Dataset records
• • •

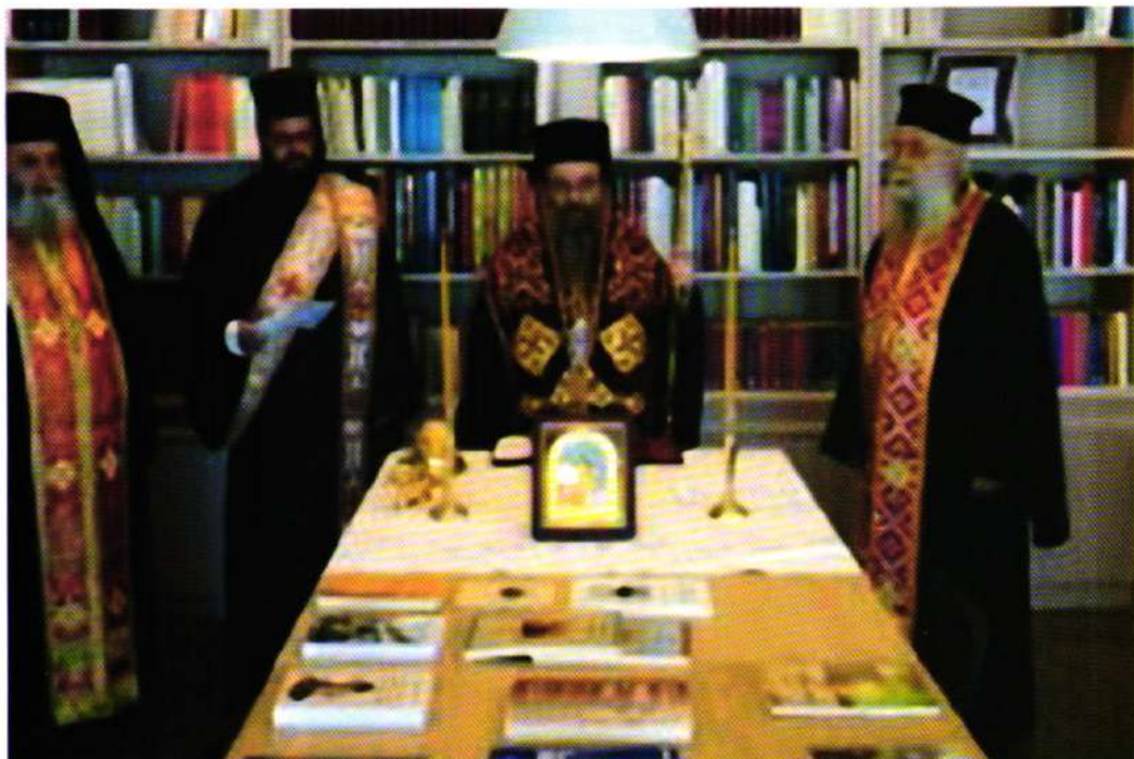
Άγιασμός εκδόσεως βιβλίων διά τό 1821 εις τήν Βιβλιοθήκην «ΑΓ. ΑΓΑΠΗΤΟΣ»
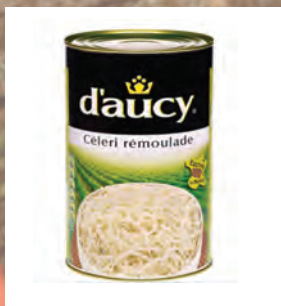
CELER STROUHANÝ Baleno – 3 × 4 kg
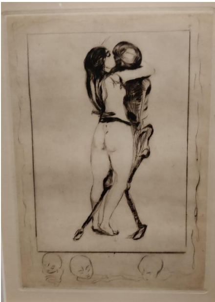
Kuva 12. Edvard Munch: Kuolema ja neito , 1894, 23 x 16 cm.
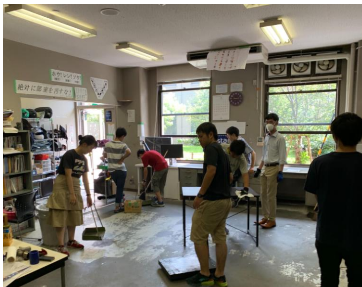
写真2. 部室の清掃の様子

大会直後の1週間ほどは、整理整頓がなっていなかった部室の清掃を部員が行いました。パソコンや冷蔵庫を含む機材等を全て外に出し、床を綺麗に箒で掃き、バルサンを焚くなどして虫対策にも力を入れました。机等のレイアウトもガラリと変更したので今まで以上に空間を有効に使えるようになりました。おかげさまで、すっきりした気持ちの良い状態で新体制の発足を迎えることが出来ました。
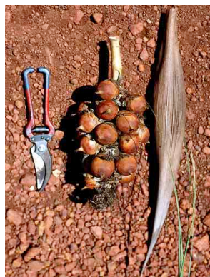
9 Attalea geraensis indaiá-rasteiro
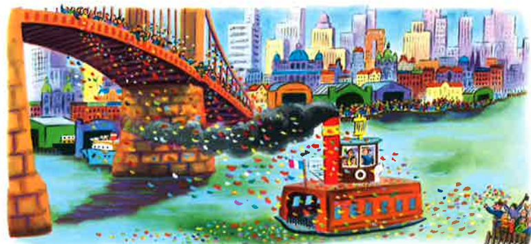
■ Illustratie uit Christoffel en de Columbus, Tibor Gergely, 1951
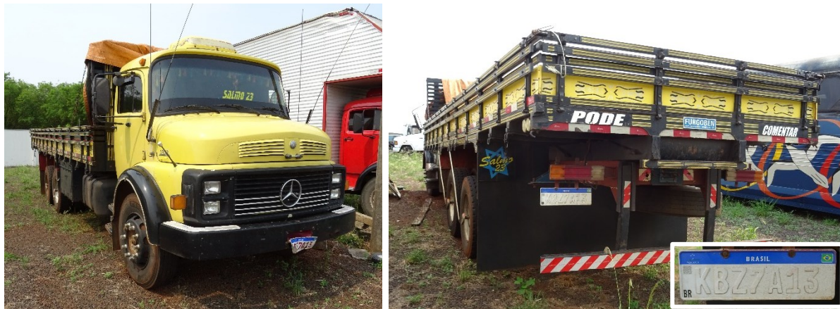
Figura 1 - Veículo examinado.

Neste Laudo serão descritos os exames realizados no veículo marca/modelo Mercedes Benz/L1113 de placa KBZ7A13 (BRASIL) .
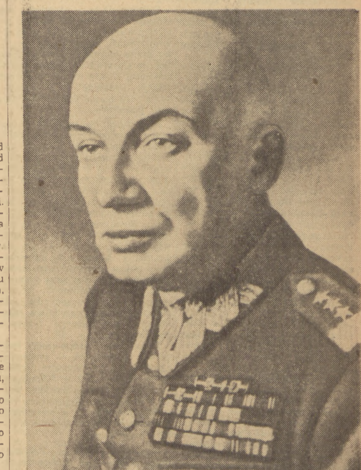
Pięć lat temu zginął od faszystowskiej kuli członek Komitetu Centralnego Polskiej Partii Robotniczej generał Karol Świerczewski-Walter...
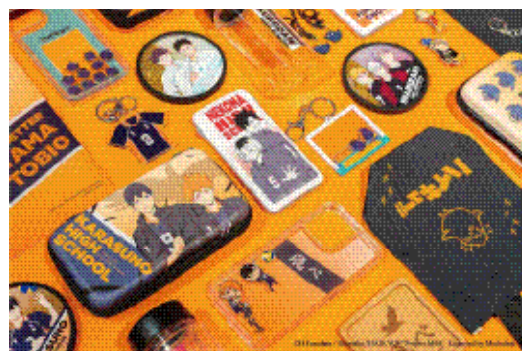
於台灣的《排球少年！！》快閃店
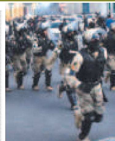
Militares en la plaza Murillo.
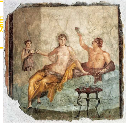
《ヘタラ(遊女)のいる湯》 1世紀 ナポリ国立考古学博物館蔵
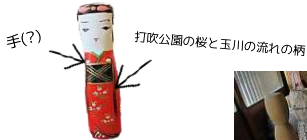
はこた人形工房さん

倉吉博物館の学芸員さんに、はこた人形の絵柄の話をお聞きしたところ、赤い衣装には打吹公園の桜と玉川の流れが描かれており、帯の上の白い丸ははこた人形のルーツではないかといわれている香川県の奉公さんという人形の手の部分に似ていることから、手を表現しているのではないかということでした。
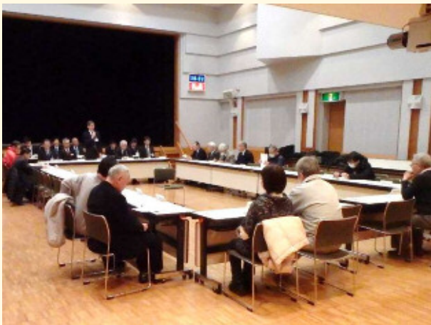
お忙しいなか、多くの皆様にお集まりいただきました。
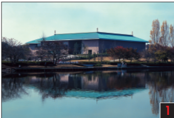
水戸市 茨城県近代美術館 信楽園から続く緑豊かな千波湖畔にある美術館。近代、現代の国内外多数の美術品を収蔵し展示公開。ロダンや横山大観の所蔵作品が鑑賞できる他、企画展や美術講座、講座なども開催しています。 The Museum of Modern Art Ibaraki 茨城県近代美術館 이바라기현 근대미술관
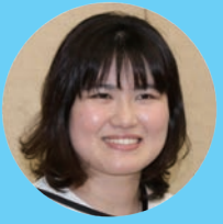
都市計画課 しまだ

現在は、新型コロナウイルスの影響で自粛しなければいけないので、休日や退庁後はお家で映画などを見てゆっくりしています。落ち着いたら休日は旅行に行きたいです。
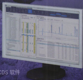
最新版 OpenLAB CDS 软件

• • •

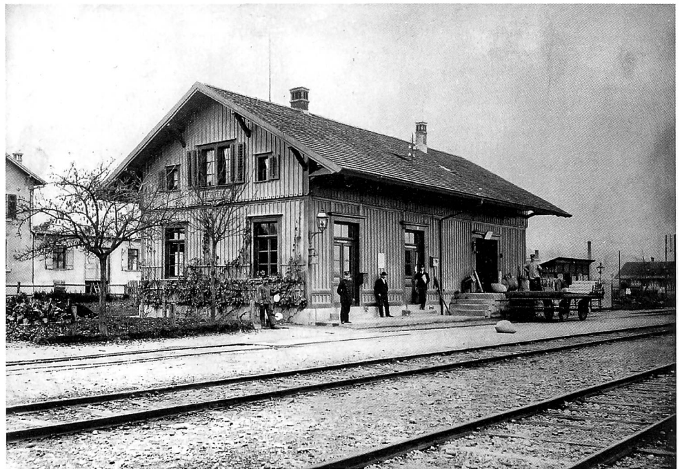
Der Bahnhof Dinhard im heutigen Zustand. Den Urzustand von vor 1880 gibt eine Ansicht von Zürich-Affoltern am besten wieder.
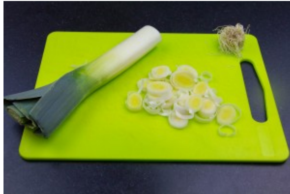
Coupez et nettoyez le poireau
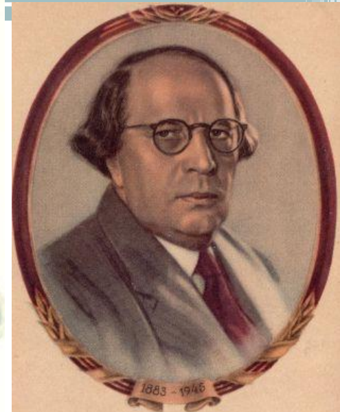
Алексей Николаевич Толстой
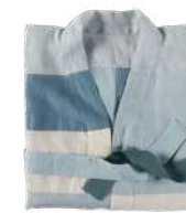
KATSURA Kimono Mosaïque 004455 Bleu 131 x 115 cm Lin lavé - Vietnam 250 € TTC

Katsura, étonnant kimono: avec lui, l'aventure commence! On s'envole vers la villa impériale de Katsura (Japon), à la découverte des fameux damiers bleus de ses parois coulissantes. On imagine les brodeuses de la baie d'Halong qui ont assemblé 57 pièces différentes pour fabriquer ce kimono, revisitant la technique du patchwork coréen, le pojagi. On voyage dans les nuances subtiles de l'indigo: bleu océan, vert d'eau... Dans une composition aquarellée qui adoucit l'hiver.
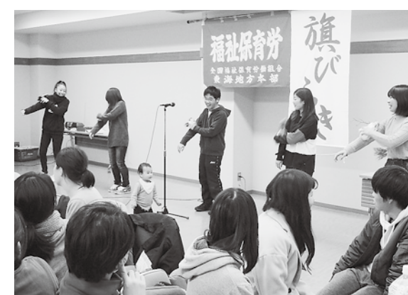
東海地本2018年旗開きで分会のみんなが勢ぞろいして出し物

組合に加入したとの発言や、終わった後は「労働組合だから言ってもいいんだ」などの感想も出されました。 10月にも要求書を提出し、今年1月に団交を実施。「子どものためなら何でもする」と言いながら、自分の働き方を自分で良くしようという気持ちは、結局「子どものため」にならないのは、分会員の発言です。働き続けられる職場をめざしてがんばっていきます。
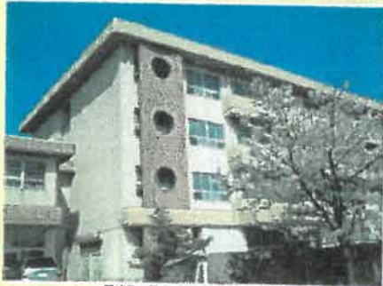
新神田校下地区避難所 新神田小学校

• • •

ACTIVITY: All that should be printed is the run of lines above from the one with "Militares en la plaza Murillo." through the one with "最新版 OpenLAB CDS 软件", both included, exactly as given, with pictures left out.

SOLUTION FOR THIS EXERCISE:
Militares en la plaza Murillo.
《ヘタラ(遊女)のいる湯》 1世紀 ナポリ国立考古学博物館蔵
はこた人形工房さん

倉吉博物館の学芸員さんに、はこた人形の絵柄の話をお聞きしたところ、赤い衣装には打吹公園の桜と玉川の流れが描かれており、帯の上の白い丸ははこた人形のルーツではないかといわれている香川県の奉公さんという人形の手の部分に似ていることから、手を表現しているのではないかということでした。
お忙しいなか、多くの皆様にお集まりいただきました。
水戸市 茨城県近代美術館 信楽園から続く緑豊かな千波湖畔にある美術館。近代、現代の国内外多数の美術品を収蔵し展示公開。ロダンや横山大観の所蔵作品が鑑賞できる他、企画展や美術講座、講座なども開催しています。 The Museum of Modern Art Ibaraki 茨城県近代美術館 이바라기현 근대미술관
都市計画課 しまだ

現在は、新型コロナウイルスの影響で自粛しなければいけないので、休日や退庁後はお家で映画などを見てゆっくりしています。落ち着いたら休日は旅行に行きたいです。
最新版 OpenLAB CDS 软件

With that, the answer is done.